Не тупая — меня приглашают сесть.

В тачку к бандитам!!!

Мило. Мне ведь не страшно?!. От слова «уссаться», но видимо, я все же тупая или очень воспитанная, если приглашают — невежливо отказываться. Вот и сажусь.

— Здравствуй, — сухо роняет Евгений Петрович, даже не посмотрев на меня.

Тачка начинает движение.

— Здрасти, — киваю, благо зубами не клацаю испуганно, выдавая степень моей паники. Сердце колотится в нездоровом ритме и где-то в голове, в животе ледяной узел стягивается. Сквозь гул и пульсацию процеживается мысль. Робко так…

Щекотливая: убьют — закопают, а на дознании, честными глазами глядя на следаков, скажут, что видеть не видели, понятия не имеют, куда могла пропасть. Кто их дур, бегающих за мажорами, знает?!. А если и подвозили, так ведь… сама упрашивала…

И вторая, куда более прозаическая — за брата босс волнуется.

— Мне нужна хорошая машина, — не наглая, но ушлостью с некоторых пор побаливаю.

Окутывает мурашковое молчание.

— Не многовато желаешь? — скупо отзывается босс.

— Думаете, продешевила? — озадачиваюсь своей непродуманности. А вдруг и правда, могу больше затребовать.

— Мне проще тебя закопать, — все же первая мысль была не лишена смысла и прозорливости.

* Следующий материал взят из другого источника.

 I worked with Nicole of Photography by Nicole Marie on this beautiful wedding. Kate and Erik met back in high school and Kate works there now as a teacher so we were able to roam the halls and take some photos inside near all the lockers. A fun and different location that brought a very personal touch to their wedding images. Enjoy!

— Повторяетесь, — ровно, хотя поджилки трясутся, как у зайца, лицом к лицу столкнувшегося с волком. — Но если бы было проще, — поясняю спокойно, — я бы давно кушала землю.

Опять молчим.

— На самом деле, для вас вообще ничего не будет стоить мое молчание, а закапывание, наоборот, обернется нервотрепкой и неприятностями.

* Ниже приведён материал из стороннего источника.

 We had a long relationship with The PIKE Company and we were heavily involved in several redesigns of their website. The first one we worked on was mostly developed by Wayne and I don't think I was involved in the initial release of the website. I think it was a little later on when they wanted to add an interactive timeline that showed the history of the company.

— Ваше, — поправляет Шувалов. — Ваше молчание!

— Мое, — не менее упряма. — За других не скажу, хоть узакапывайтесь. Селиверстов — единственный сын. Амалия в отчаянии…

— Мне нет до этого дела, — безлико. — Родион в этом не замешан.

— Зато в другом…

— У тебя нет никаких доказательств.

— Тогда к чему разговор?

— Хочу закрыть с тобой дело, и больше никогда не видеть. Хочу быть уверенным, что не приплетете брата к выходкам его… знакомых…

— Тачка Селиверстова. Она в гараже вашего брата.

— Знаю, — кивает босс. — Ты же понимаешь, что Родиону, по сути, и предъявить нечего?

— По сути — нет. Но есть моральная сторона. Есть честь, и есть молчание. Не я к вам пришла — вы приехали, значит, такие слова и понятия для вас — не пустой звук.

— Не представляешь насколько пустой, — холодно и впервые окидывает морозных взглядом. — Брат просил с тобой уладить вопрос, поэтому я здесь.

— Я буду молчать, обещаю, и про тачку Рыси тоже.